## Given records
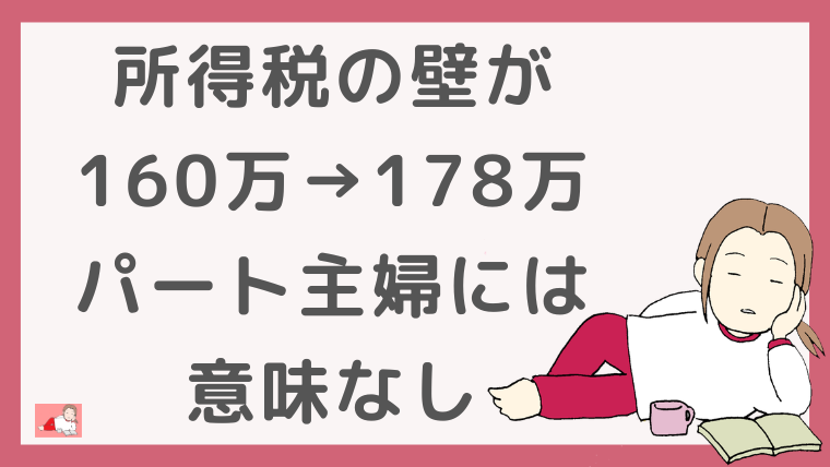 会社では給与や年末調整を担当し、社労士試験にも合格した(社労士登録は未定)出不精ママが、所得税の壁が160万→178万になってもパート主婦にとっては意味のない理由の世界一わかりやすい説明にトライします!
* * *
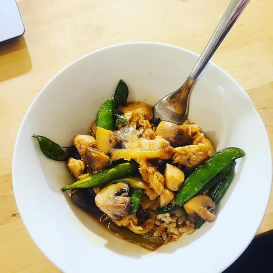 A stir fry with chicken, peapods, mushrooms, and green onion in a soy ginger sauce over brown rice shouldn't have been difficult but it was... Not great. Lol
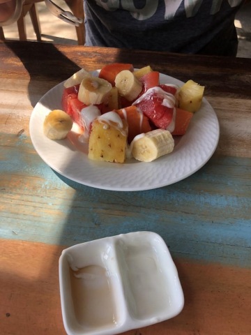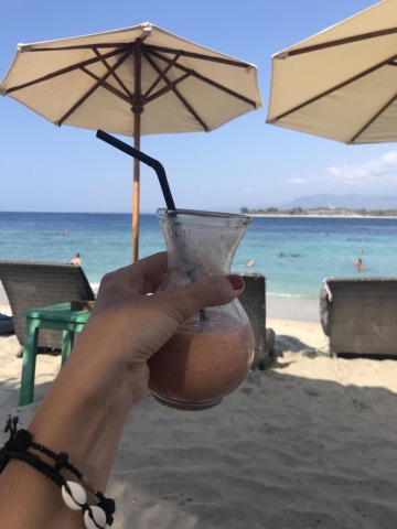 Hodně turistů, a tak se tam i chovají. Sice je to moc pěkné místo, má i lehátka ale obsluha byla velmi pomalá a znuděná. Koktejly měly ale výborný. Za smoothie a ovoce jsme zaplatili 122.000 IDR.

## Instructions for the task
Transcribe, word for word, the stretch of lines in the data above from the one with "A stir fry with" through the one with "Hodně turistů, a"; omit all pictures.

## Problem solution
 A stir fry with chicken, peapods, mushrooms, and green onion in a soy ginger sauce over brown rice shouldn't have been difficult but it was... Not great. Lol
 Hodně turistů, a tak se tam i chovají. Sice je to moc pěkné místo, má i lehátka ale obsluha byla velmi pomalá a znuděná. Koktejly měly ale výborný. Za smoothie a ovoce jsme zaplatili 122.000 IDR.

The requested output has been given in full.